Jun 7, 2016 | Reviews | 0 comments

Before I go any further, I owe an enormous apology to the developers at Macphun LLC. Several months ago, they were gracious enough to send me their Creativity Kit 2016 bundle of apps for review. I immediately reviewed my first choice, with the full intention of reviewing one app per month. Unfortunately, owing to time constraints, health issues, and immaculate procrastination, I never followed through with my plans of producing the reviews in a timely fashion. Even though these apps have been reviewed by many others in the interim, a promise is a promise.

Several months ago I reviewed one of Creativity 2016’s tools, Tonality, Macphun LLC’s app for taking your black and white photography post work to an incredibly professional level. (You can also find a base version of the app at the Mac App Store that includes in-app purchases.)

Before the release of Creativity Kit 2016, I believe that Macphun LLC sold their apps individually (which if you choose to do, you still can from their site). The app that I’m going to cover in this review is only available at the MacApp Store.
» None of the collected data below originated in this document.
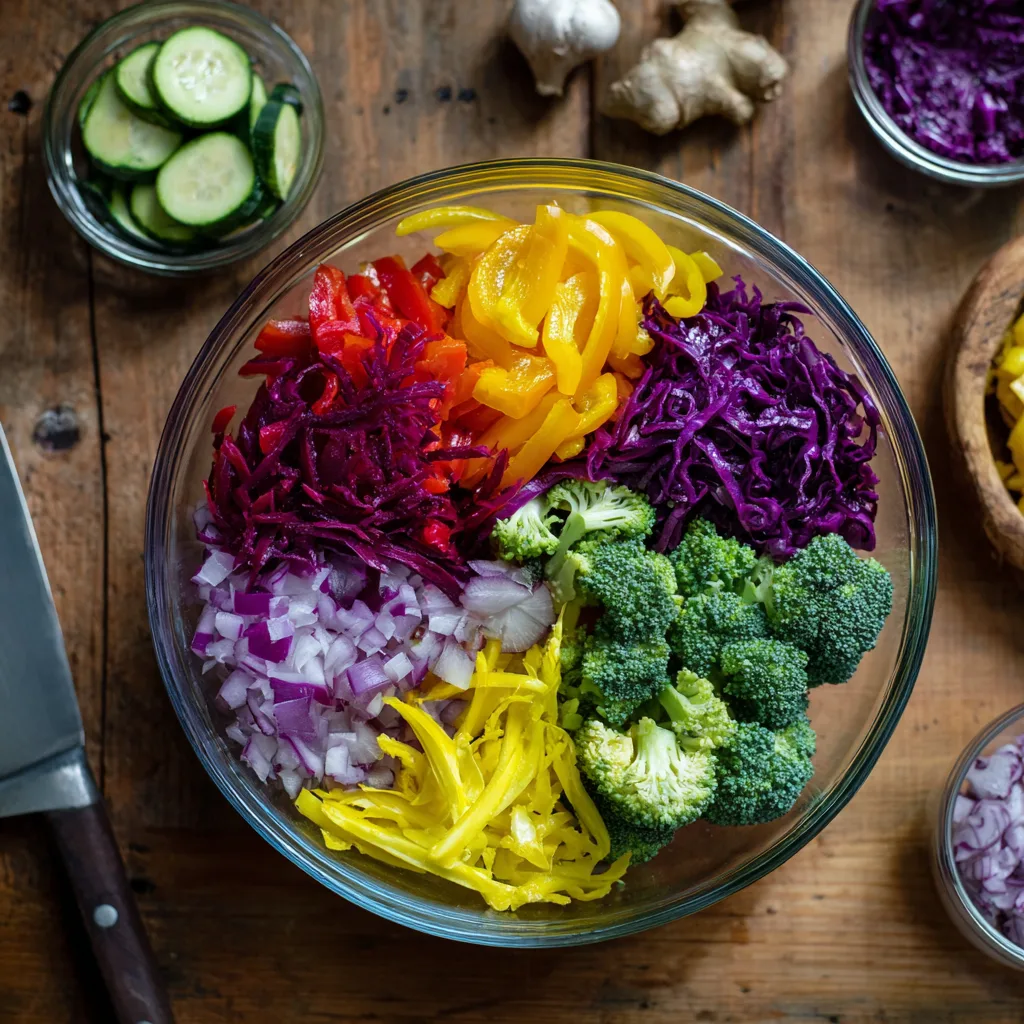 Râpez la carotte, émincez le chou rouge, coupez le concombre en rondelles, et divisez les tomates cerises en deux. Coupez l’avocat en dés au dernier moment et arrosez-le de jus de citron pour éviter l’oxydation.
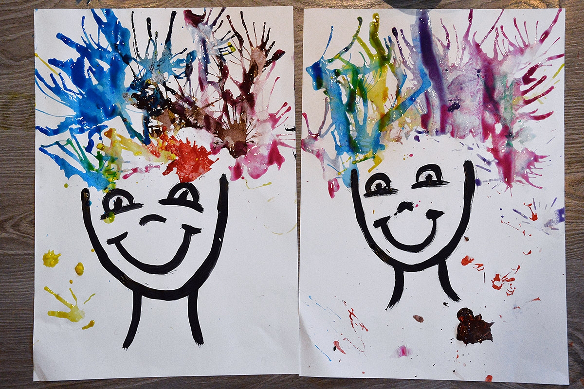 Turbūt neįtikėtina, bet radom laiko ir dar vienai šėlionei - pučiamųjų proga. Darbelis vadinasi - blogos šukuosenos diena. Labai paprastas ir smagus (tik reikia iš anksto pasiruošti dažus):.
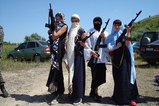 Первое, что бросилось в глаза – жена Губарева любит пострелять. Правда, до кровавых событий в Донецке, делала она это только в рамках игры в страйкбол. Неплохое и довольно обычное развлечение для молодых людей, вот только Екатерина почему-то на эти игры одевалась шахидкой…
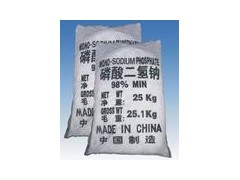 詳細信息 磷酸二氫鈉性狀:無色柱狀結晶。無臭。易溶于水,略有吸濕性。用途:緩沖劑;品質改良劑;乳化劑;營養增補劑;抗氧化增效劑;;凝膠劑;類燙毛劑。 磷酸二氫鈉 在一定的ph值下,由碳酸鈉與磷酸反應或由磷酸氫二鈉與一定比例的磷酸反應制得在濕空氣中易結塊。100攝氏度時脫水成無水物,水溶液呈酸性反應(PH=4.5)。磷酸二氫鈉用途:用于鍋爐水處理,電鍍、制革、焙粉、燃料助劑、洗滌劑、云母徹合、酸性緩劑等,也是制取六偏磷酸鈉和縮聚酸鹽的原料。 含量:99%。 磷酸二氫鈉[英文名稱]:sodium hydrogen phsphate [分 子 量]:Na 2 HPO 4 12H 2 O [分 子 量]:358.14 磷酸二氫鈉指標名稱 指標 [產品質量]:符合GB6008-85標準 磷酸氫二鈉(以Na 2 HPO 4 12H 2 O計)含量,% ≥ 97.0 硫酸鹽(以SO 4 計)含量,% ≤ 0.7 氯化物(以CI計)含量,% ≤ 0.05 水不溶物% ≤ 0.05 砷(以As計)% ≤ 0.005 氟化物(F),% ≤ 0.05 PH值 9.0 ± 0.2 |

Recently, I was transferring some old analogue Hi-8 video tapes to my computer. Among the tapes were the usual family events. One of the tapes had a picture of my former wife’s grandmother, who had since passed long ago. To my knowledge, she had no pictures of her grandmother. So, I decided to grab a frame from the video with a nice shot of her smiling and pass it along.

But the setting and the background were drab. Merely a wall and my stereo cabinet. She blended into the frame so much that the image of her didn’t really draw your eye directly to her at all.

I was thinking how to best render the image when I recalled a photograph on an early George Harrison solo album (yes, I’m that old). I decided that the effect that they used would be perfect for what I was trying to achieve. Make everything (background, et al.) B&W but cast the subject in warm, glowing color. Add a light vignette and this could be a precious memory.

As I had never done this before (I don’t dabble a lot in photography), I figured that the way to go about this would be to open an image editing app and create two layers of the same image, one in B&W and the other in color. I would then erase the background in the color layer and place that on top of the B&W layer. Time consuming sure, but that would do the trick.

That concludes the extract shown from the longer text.